The disc moves posterior and superior because the condyle exerts a force against the relatively avascular central region of the disc and the posterior bilaminar zone. This force causes the disc to move posterior and superior as the condyle is directed in this motion by the muscles of mastication and the joint proprioception with secondary input by the cervical structures.

The mandible continues to close until the first dental contact is acquired in the anterior region. The wear facets of the anterior teeth coincide at this relationship and the pressure within the joint is directed anterior and superior from the condyle against the relatively avascular central region of the disc against the eminence. The disc position is maintained as the posterior bilaminar zone and the pressure exerted by the condyle. There are no contractile fibers within the joint to move the disc in this direction. This occurs because of the anatomy of the structures and the physiologic response.

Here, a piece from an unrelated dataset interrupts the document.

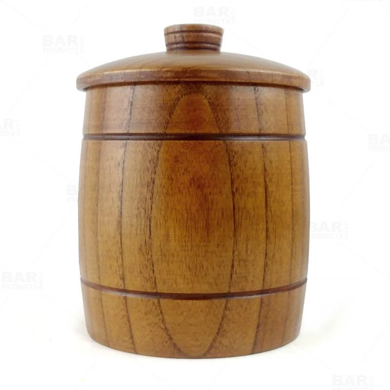 Made from a solid wood, this stylish ice bucket will enhance the decor of any type of bar setting. The craftsmanship of this ice bucket is certainly one to be desired with is smooth lines and food-grade seal, while the matching lid will be sure to keep your ice sanitary during the length of your drink service. This beautiful ice bucket holds 1 quart (35 ounces) of ice and stands approximately 7″ tall.

When the teeth contact the proprioception of the teeth begins to determine mandibular movements. In a symmetrical relationship the guidance of the anterior teeth is in harmony with the anatomy and physiology of the joint structures and the vector of motion coincides as depicted in this slide. The tip of the mandibular tooth is guided against the lingual surface of the maxillary incisors in the same way that the condyle is guided by the angulation of the anterior slope of the eminence.

The dental relationships guide the mandible in a harmonious relationship with the structures within the joint. The forces of closure are directed to the teeth and the joint does not withstand excessive compressive loading.

Maximal loading is exerted on the dentition with little alterations in the condyle disc fossa relationship as the predominant forces are directed anterior and superior. The posterior bilaminar zone of the disc serves to keep the disc in the proper relationship between the condyle and eminence in normal joint movements.In normal healthy function the teeth and support structures receive the primary loading of the complex and the joint functions properly if the forces exerted by the condyle are directed anterior and superior. This is the normal joint and occlusal associations.